Consider the 1972 U.S. men’s basketball team, now in its 50th year since the controversial ending to the gold medal game in Munich turned them arguably into the second-most famous Olympic hoops squad, behind only the 1992 Dream Team.

That group was among the nominees this year as a team entry but didn’t get the necessary votes. In recent years, players Jim Forbes and Dwight Jones and assistant coach Johnny Bach all have died. The Hall feels as out of reach for now as the gold medals they were denied

“We want [members] to enjoy the moment,” Colangelo said. “This is it, this is the pinnacle.

Colangelo added: “Here’s the thing: We can’t play God. We don’t know when any of them is not going to be here. So you’re really talking about speculating how long someone is going to be around. It’s difficult.

“It’s something we talk about all the time. We want to do a better job whenever we can to make sure it happens sooner rather than later.”

News & Notes

Those who did participate Friday were enjoying their moment, including:

• Karl earned his Hall selection in the NBA coaching six franchises, most successfully in Seattle, Milwaukee and Denver. But he played four-plus seasons for San Antonio, including three while the Spurs participated in the ABA. He remains loyal to that upstart league that merged into the NBA before the 1976-77 season.

“I’ll be honest, I don’t think the ABA gets enough credit for the greatness of their league,” Karl said. “The first year of the merger, I think 10 of the 24 All-Stars were ABA players.”

Coaching legend George Karl honored to be named to the Naismith Basketball Hall of Fame.

Karl was in high school near Pittsburgh when the ABA’s Pittsburgh Pipers, lead by the great Connie Hawkins, won the league’s championship. As a rookie, he became such good friends with his roommate Coby Dietrick that he named his son after him.

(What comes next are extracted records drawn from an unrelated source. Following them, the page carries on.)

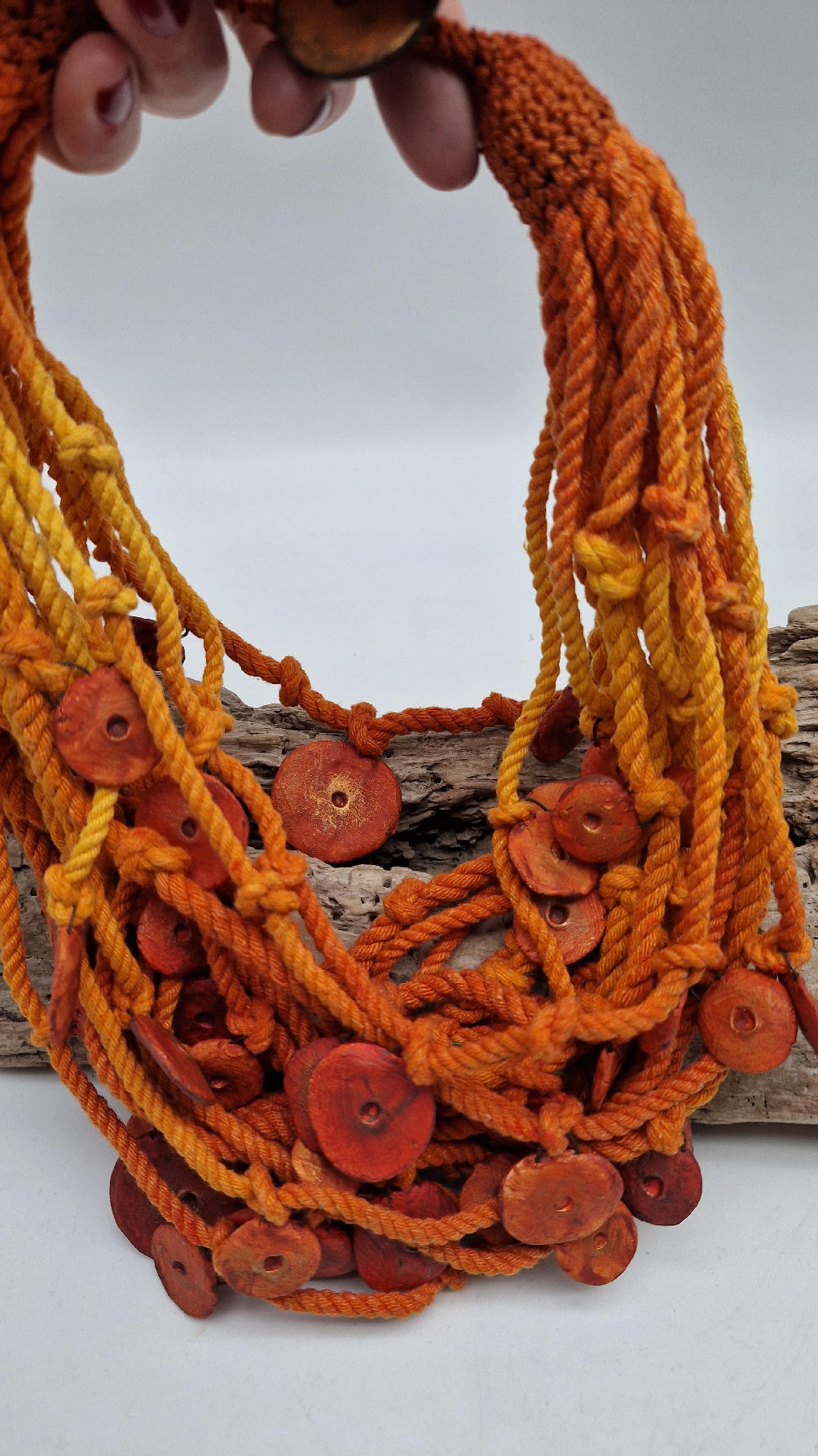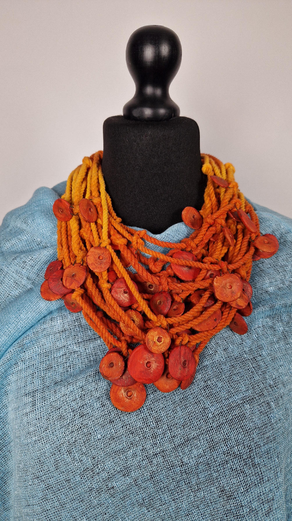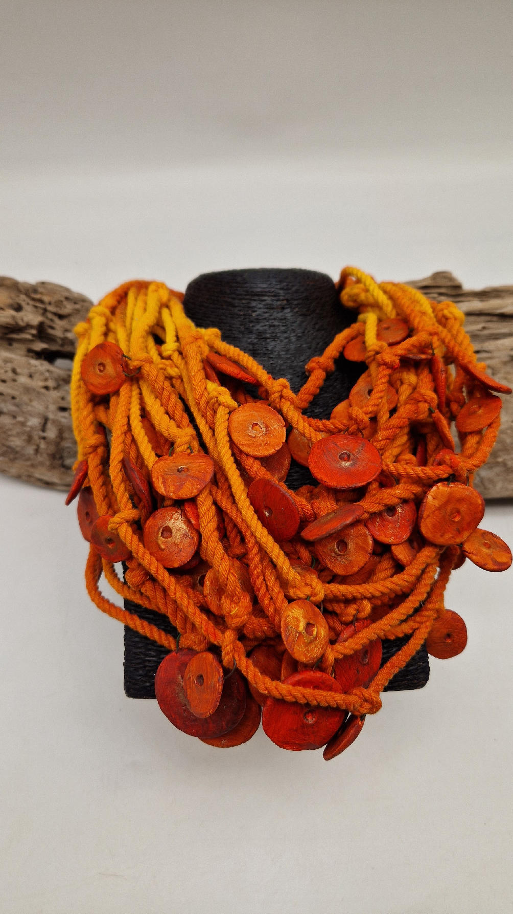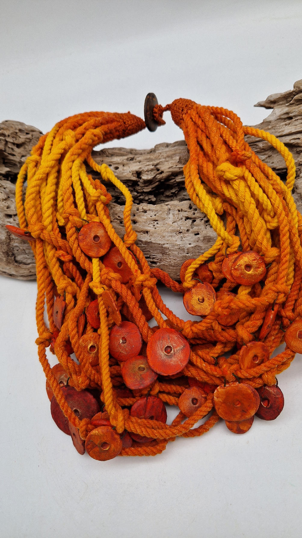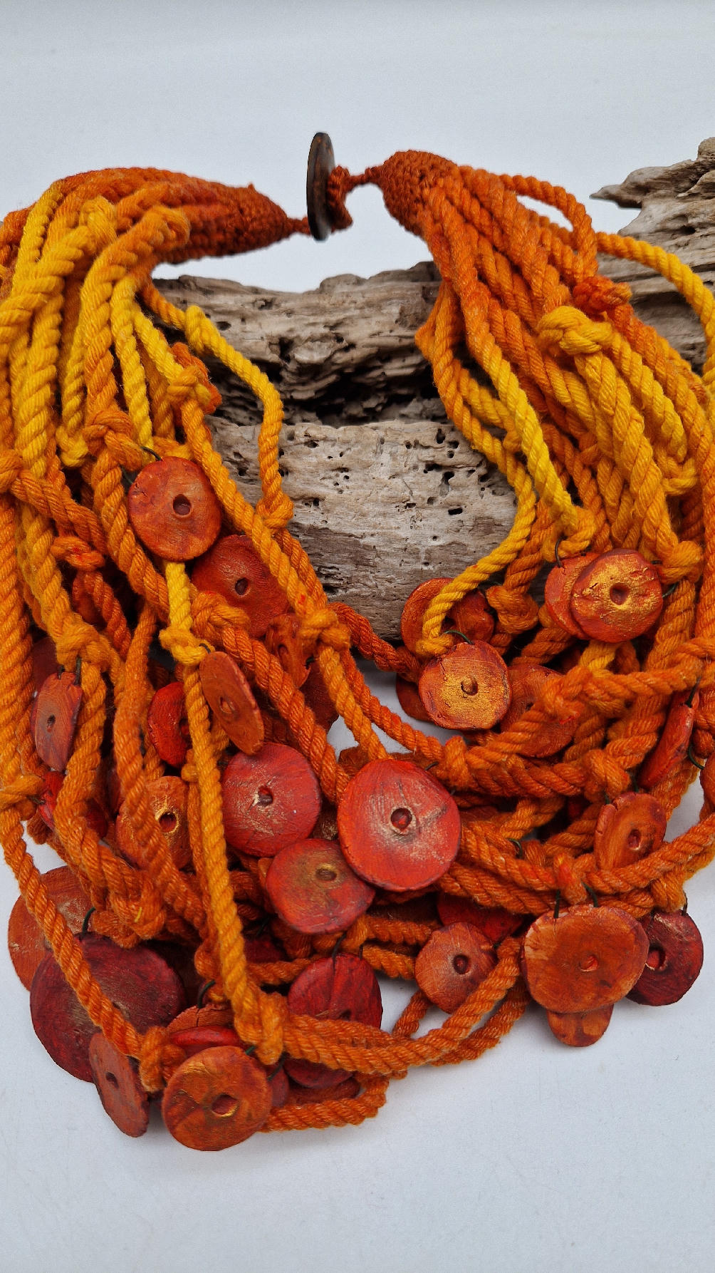 Gorący , energetyczny , przepiękny naszyjnik, wykonany z bawełnianych, ręcznie farbowanych sznurków , w kolorach ognia, zachodu słońca nad morzem, pomarańczy… Do tych bawełnianych sznurków zostały przymocowane dziesiątki uformowanych ręcznie, wypalonych i zabarwionych niemal magicznie koralików.
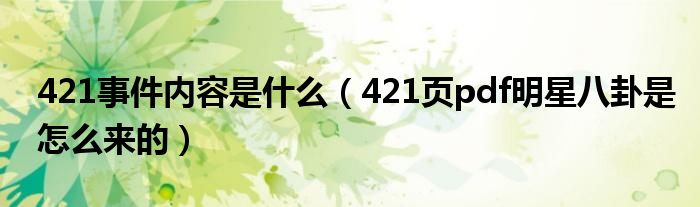 大家好,綜合小編來為大家講解下。421事件內容是什么,421頁pdf明星八卦是怎么來的很多人還不知道,現在讓我們一起來看看吧!
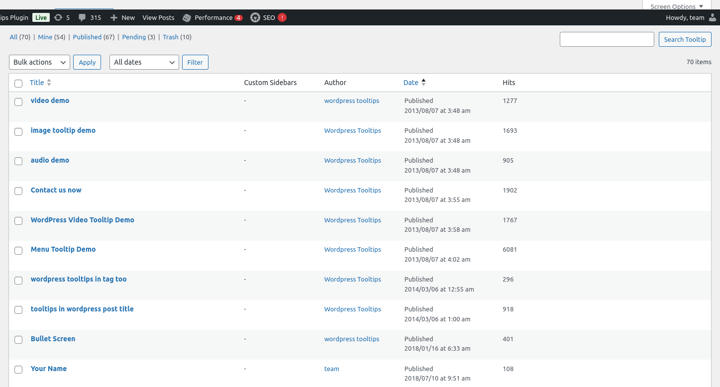 - The Tooltips for WordPress plugin will automatically add tooltip effects to posts by default. It also supports manual insertion of tooltips in posts using shortcode.
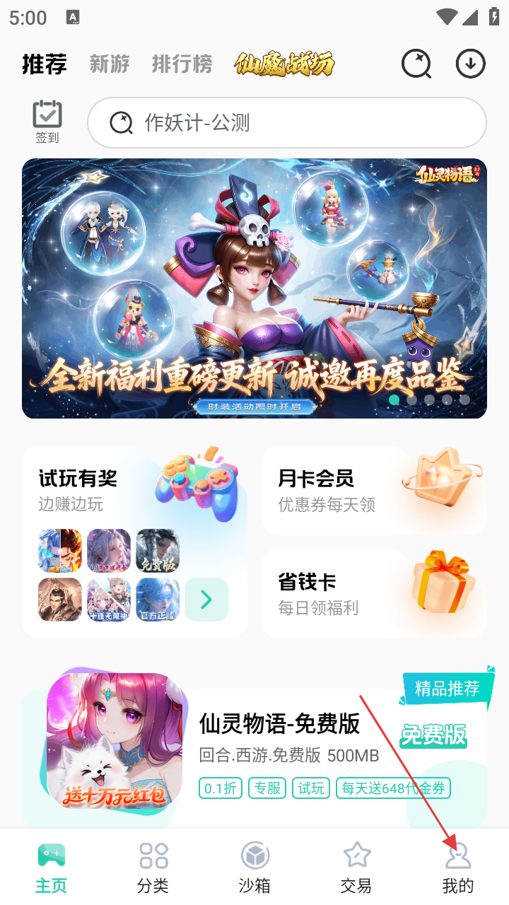1、在爱趣游戏盒首页,若想进入个人相关页面,点击底部【我的】,切换到“我的”页面。
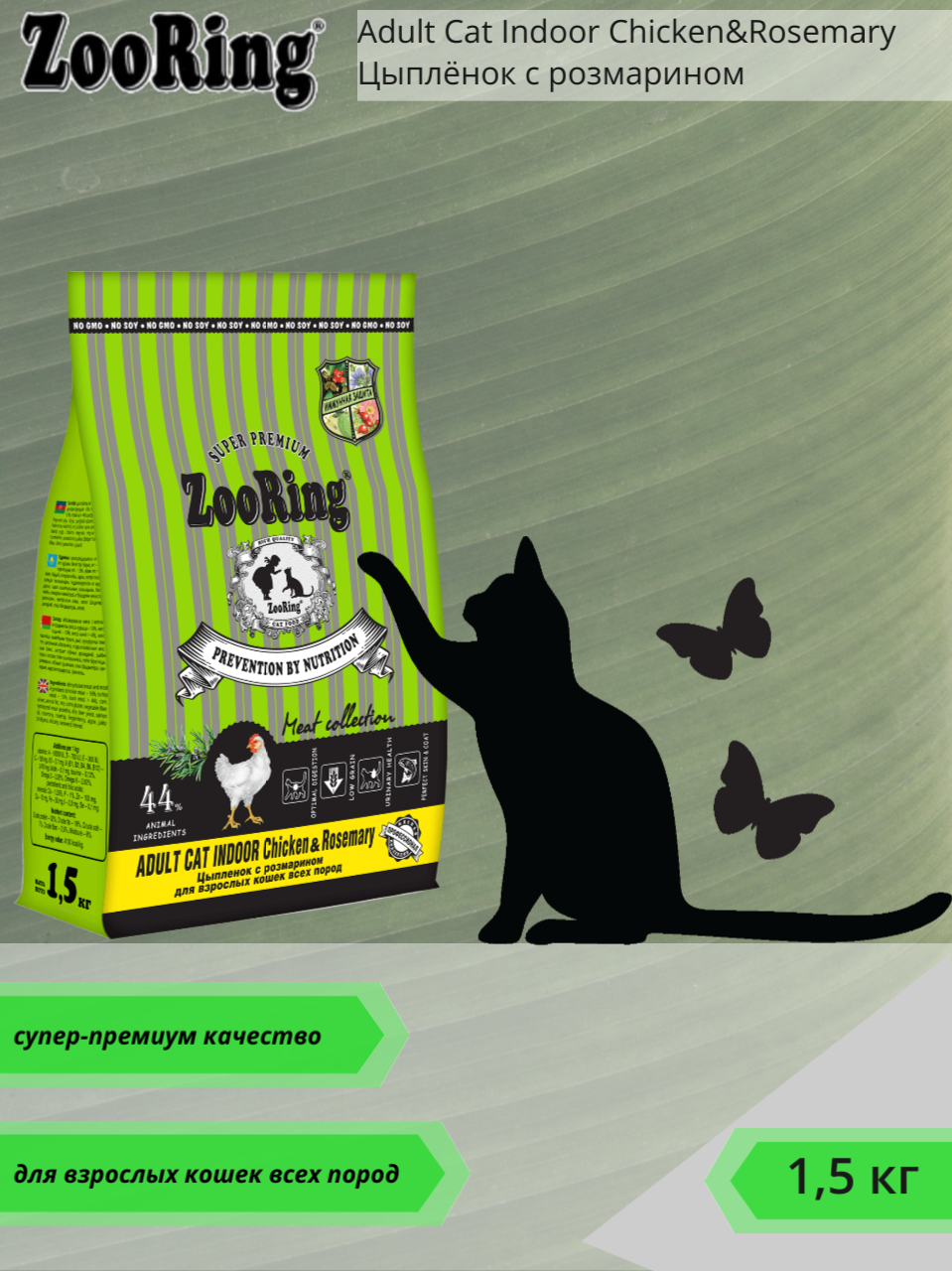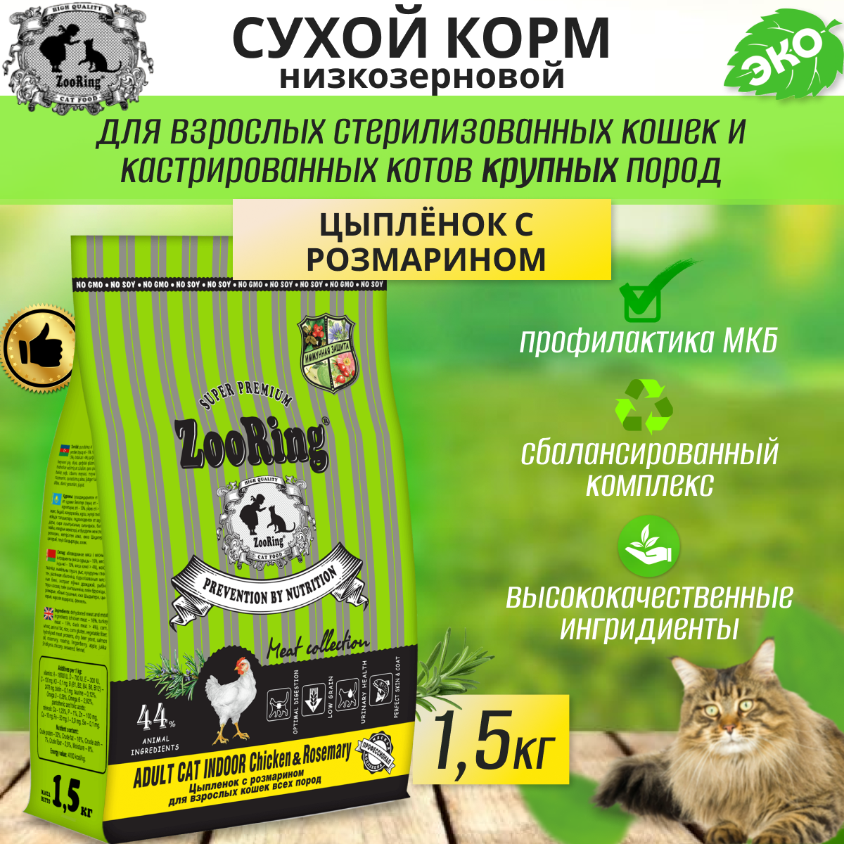 Купить Сухой корм ZooRing ADULT CAT INDOOR цыпленок с розмарином для кошек, 1,5кг
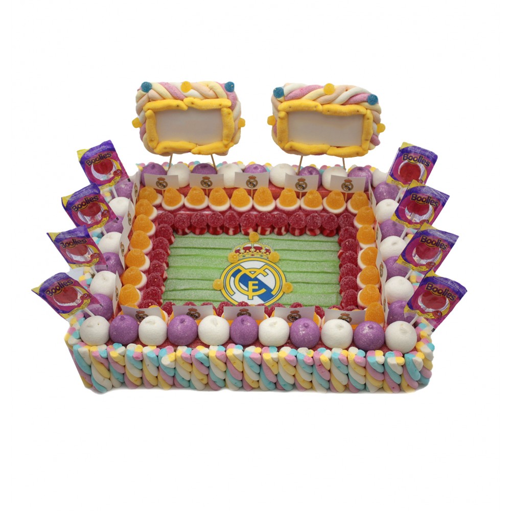 Casi 3 kilos de chuhes forman esta espectacular tarta super grande en forma de campo de futbol con gradas y marcadores. ¡No falta ningún detalle!
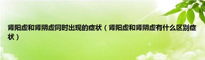 本文,肾阳虚和肾阴虚同时出现的症状,肾阳虚和肾阴虚有什么区别症状到此就分享完毕,希望对大家有所帮助。
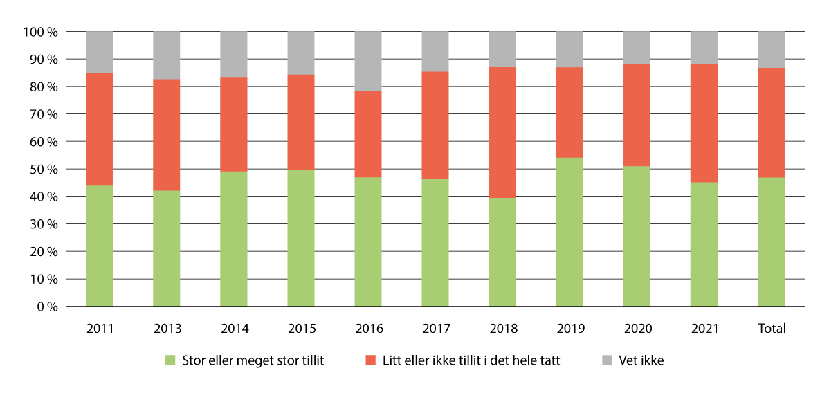 Spørsmålet de har svart på er: «Hvor stor eller liten tillit har du til de følgende institusjonene?»
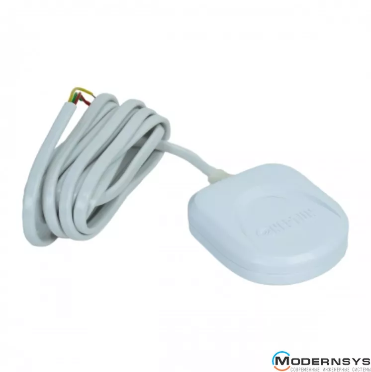 - Датчик протікання води. Невеликий пристрій прямокутної форми із закругленими кутами, білого кольору. Встановлюється на підлогу або інші поверхні, де можливе протікання води. До системи підключається за допомогою дроту. Розміри (ВхШхГ) – 52×45×14 мм.
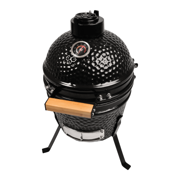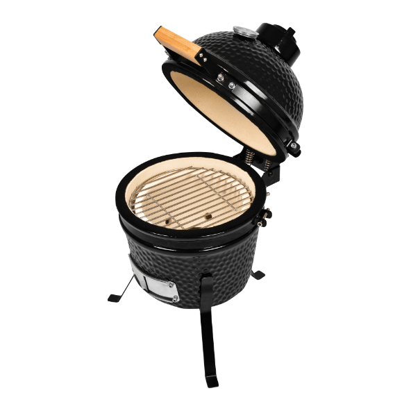 Deze handige mimi Kamado is lekker compact. Zo weegt de barbecue slechts 18 kilo en kan hij gemakkelijk worden opgetild door één persoon. Deze mini Kamado is ideaal om een kleine groep mensen van heerlijke barbecuegerechten te voorzien. Het kookoppervlak is groot genoeg om te grillen voor 3 personen tegelijkertijd. De Kamado is slechts 55 cm hoog, hierdoor kan hij makkelijk op een stevige tafel staan.
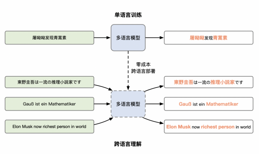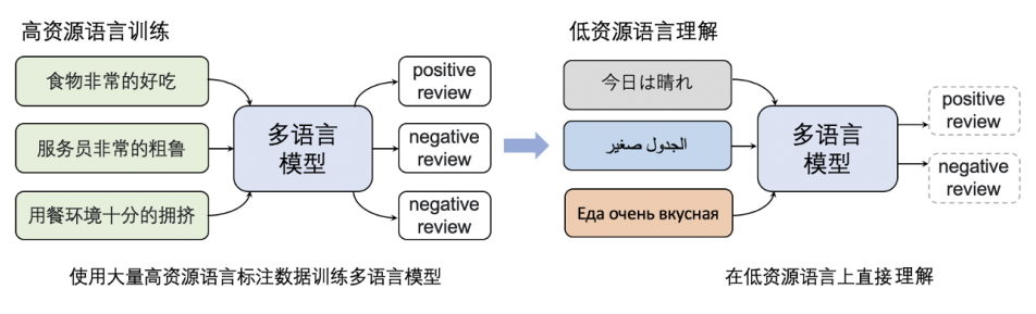 1)Cross-lingual Transfer:该方式将英文训练的模型直接在其他语言上测试,验证模型的跨语言理解能力。例如,让模型理解 “这家餐厅环境不错” 是正向情感,模型需要判断 “I am very happy.” 也是正向的情感。在实际应用中,如果缺乏某种语言的标注数据,该技术可以通过其他语言的标注数据对多语言模型训练解决该问题,降低小语种系统的构建难度。
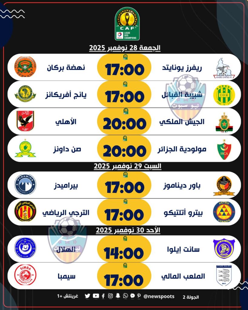 عادت صافرة الحماس لتعلن عن جولة جديدة من المتعة والإثارة في دوري أبطال أفريقيا 2025! بعد ضربة البداية القوية في الجولة الأولى، تتجه أنظار عشاق كرة القدم الأفريقية نحو الملاعب لمعايشة منافسات الجولة الثانية من دور المجموعات، والتي تحمل في طياتها الكثير من التحديات والمواجهات النارية التي قد ترسم ملامح الفرق المتأهلة مبكراً.
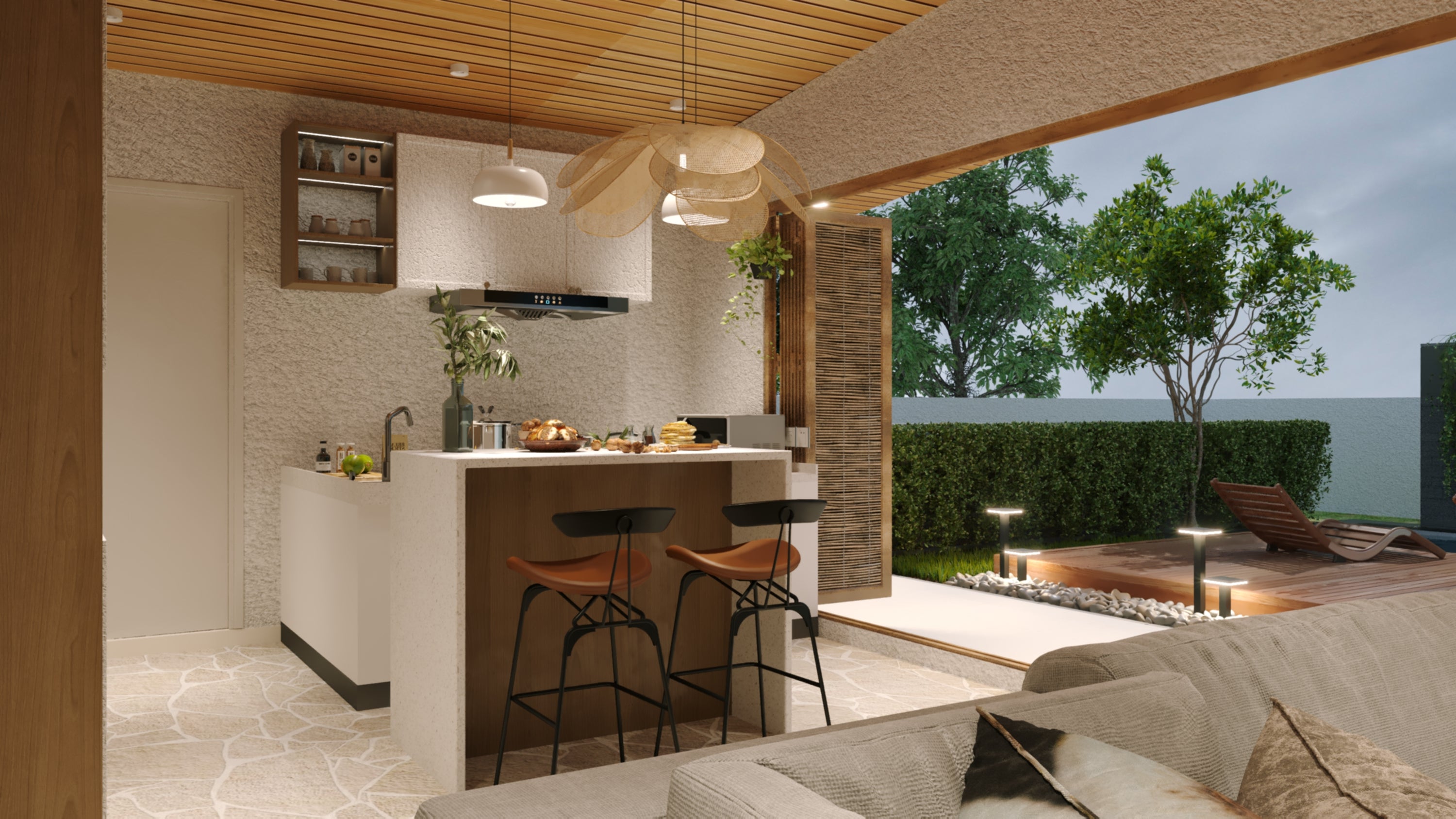 Acentos de madera cálida, iluminación moderna y paleta de colores neutros.

The longtime coach also is proud of the many ABA ideas the NBA adopted, from cheerleaders and a dunk contest at the All-Star Game to, of course, the 3-point shot. He’s especially happy with the agreement by the NBA and the players union to make pension payments to some of the surviving ABA players

“I’m an ABA guy,” Karl said.

• Hardaway has multiple claims to fame, from his five All-NBA selections and his namesake son who plays for Dallas to teaming with Chris Mullin and Mitch Richmond as Golden State’s “Run TMC” in the 1990s. But he’s a playground legend for his famous killer crossover move, freezing or topping opponents as he scampered by.

Tim Hardaway Killer Crossover mix

Check some of Tim Hardaway's best crossovers.

Asked Friday which current NBA player might rank as the best with that move, the former point guard said: “Nobody has the Tim Hardaway crossover. But I’ll tell you this, there are a lot of guys out there who can handle the basketball. Kyrie Irving, Steph Curry of course, Damian Lillard and you’ve still got the old guy out there: Chris Paul.

“There are a lot of guys out there who, if you’re not ready for it, can break your ankles.”

• Harris, whose 556 victories in 14 seasons as head coach only scratched the surface of his contributions as an assistant, an executive and a teacher of the sport, made an important distinction. He said he coached “with” 15 Hall of Famers, stressing collaboration rather than any top-down bossing.

“I didn’t put ‘em there. Most of them were well on their way before I ever got to them,” said Harris, who has worked through six full decades and parts of eight. “I learned from ‘em. That’s why I say ‘with’ them.”

• Manu Ginobili drove home the point of how rare his career was by current standards. “I had 16 years playing for the same coach, with the same point guard and the same power forward,” the four-time NBA champion said of Gregg Popovich, Tony Parker, Tim Duncan and the Spurs. “Other teammates for 5-to-10 years. Same owners, same community, same fans.”

Manu Ginobili's strong relationship with coach Gregg Popovich led to shared success.

Not surprisingly, Ginobili asked Duncan, a Class of 2020 inductee, to be his official presenter Saturday night. “I owe Timmy big time,” he said. “There’s no Hall of Fame talk if Timmy is not on my team.”

This will be the perfect role for the taciturn Duncan. Presenters, regardless of their star power, simply accompany the Hall of Famer onto the stage and stand silently by during their honoree’s acceptance speech.